All the codes are writen in python. For the terrible support of the latex in the github, you could install the plug-in "Github With MathJax" in the Chrome to see the math formula in the mardown file.
If you have any problems, please feel free to contact me:)
Fig.1 Video Classification
-
Python3.5
-
tensorflow 1.1
-
ffmpeg
-
librosa
and for other python packages, you can use
pip install package-name
whenever there comes up aImportError
.
-
login in the linux server via ssh
-
change the working directory:
cd /home/ubuntu/Documents/jialin/src/bilibili
-
activate the python environment:
source activate tensorflow-gpu
-
extract the frames :
python extract_frame.py
-
save the frames to the hdf file:
python frame_to_h5.py
-
extract the CNN feature(fc7) and save to the hdf file:
python extract_fc7.py
-
Use the LSTM to classify the video:
python video_clf_lstm.py
And now you can just run the last step :
python video_clf_lstm.py
, you will see the training accuracy should be 1.00(i.e. 100%), which means overfitting.Note: when you want to training in a normal mode instead of the overfitting mode, you had better change the "batch generation function" in the train_network function in the file video_clf_lstm.py.

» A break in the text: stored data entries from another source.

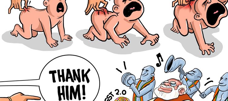 The cartoon implies that while the public (represented by the babies) suffered under initial GST implementations (pain of higher taxes and compliance difficulties), the political leadership seeks public gratitude for evolving and promoting the new GST reforms.
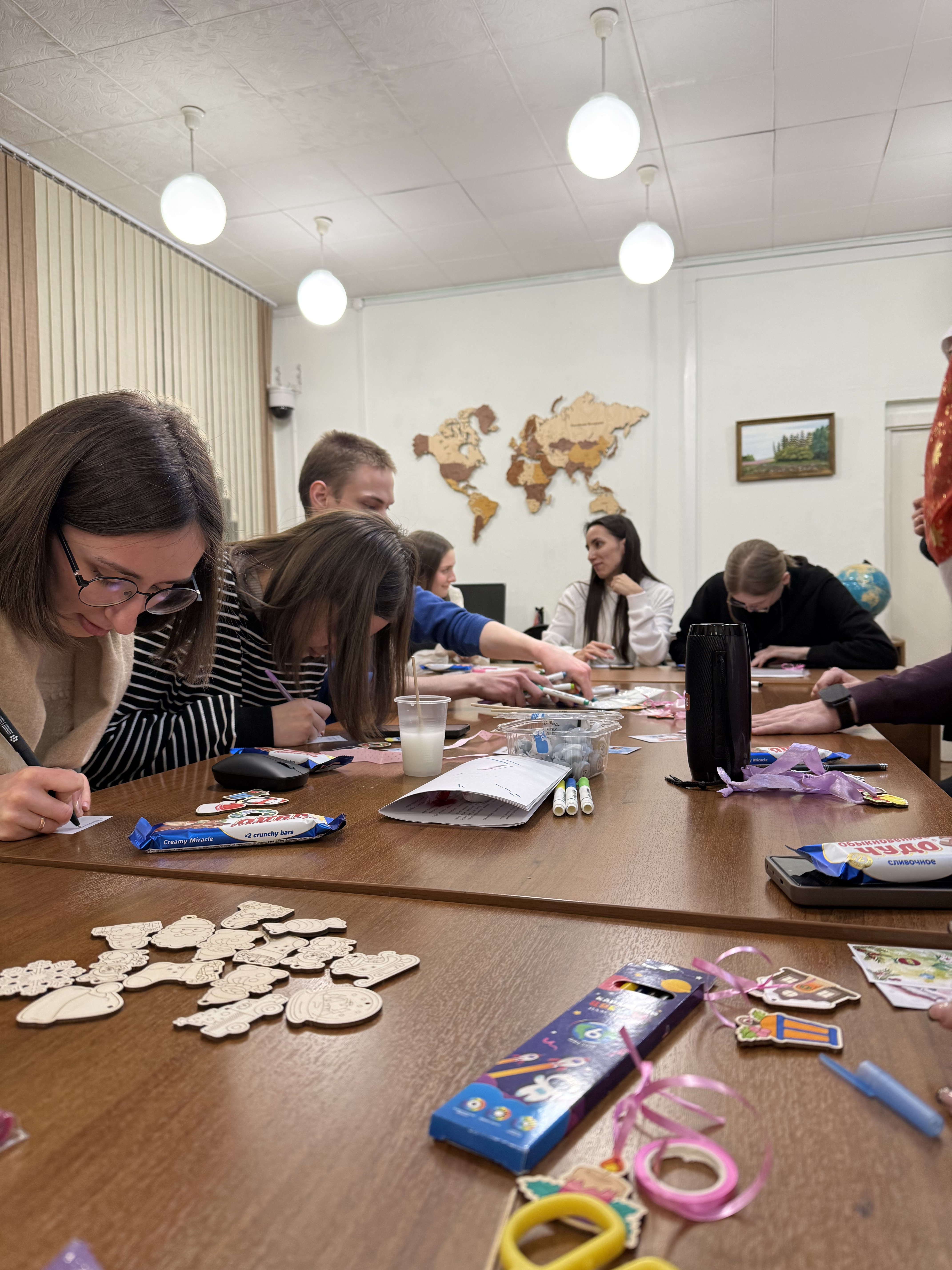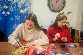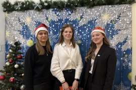 Куратор СНС Яна Николаевна Казанцева и председатель СНС Виктория Липинская поздравили студентов, ставших лауреатами стипендии Правительства РФ (Аникин А., Вавилова А., Гладышева А., Липинская В.) и СФУ «Будущее науки» (Шелкунов П., Филиппенко Я.). Для участников был организован мастер-класс по росписи новогодних игрушек, которые стали символом украшения общей «Ёлки научных достижений».
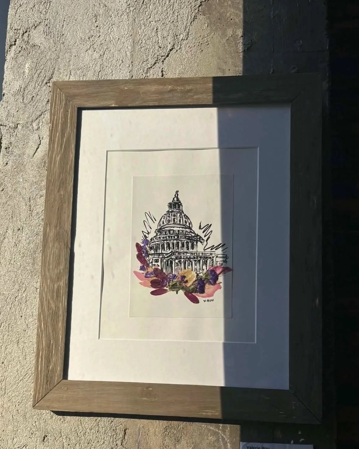 SOLD ‘Spring at the Capitol’ // watercolor, ink and pen, and dried pressed florals
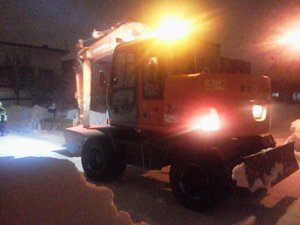 排雪が入ると、こういう大きな除雪機やトラックが何機も周辺をうろうろすることになるので、外に出るのは注意が必要。気軽に外に出られないので、ちょっとストレスかも…
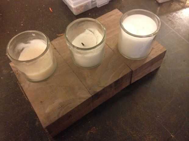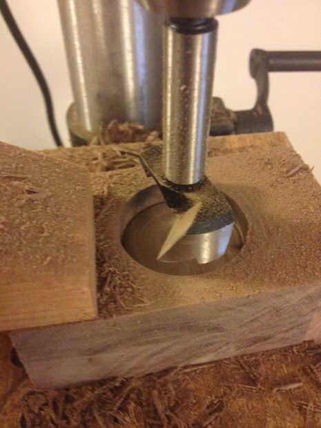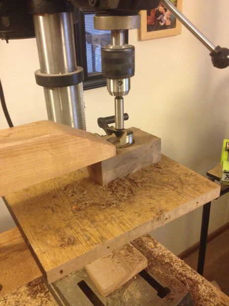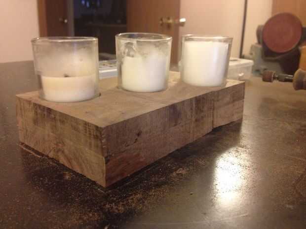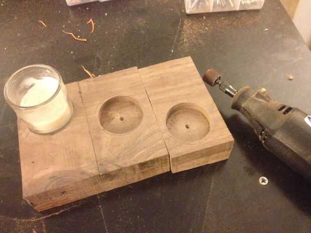 Usé una sierra caladora y Sierra de mano para cortar los bloques sólo porque mis sierras actuaba el momento (y no tengo una mesa de la sierra) Independientemente de lo que utilizas, el seguimiento de todos los dedos. I cortar tres bloques y escalonadas las velas. Las velas son casi 1,75" de diámetro. Yo solía una broca de 1 5/8" forstner y una dremel con un tambor de lijar que haz el agujero del tamaño correcto. Sólo perforé hacia abajo unos 3/8" porque estará cortando un ángulo en los bloques y no desea que el agujero para atravesar la parte inferior.

rename_file.py: because the video files' names are all in characters, it is necessary to rename the file according to their video id.
this should be already been done, you can just leave it alone.
extract_frame.py: extract the image frames from the video file , also log the errors when extracting.
in this step, you can just type python extract_frame.py
for extracting images.
extract_fc7.py: extract the fc_7 feature of the image frames ad save them to the hdf file.
frame_to_h5.py: load the image and save them to the hdf file
video_clf_lstm.py: video classification , the framework is CNN+LSTM as Fig.1.
some detailed discussion about the model implementation
- Save the data in the TFRecords format instead of the hdf file. Maybe more efficient and convenient for the tensorflow data feeding.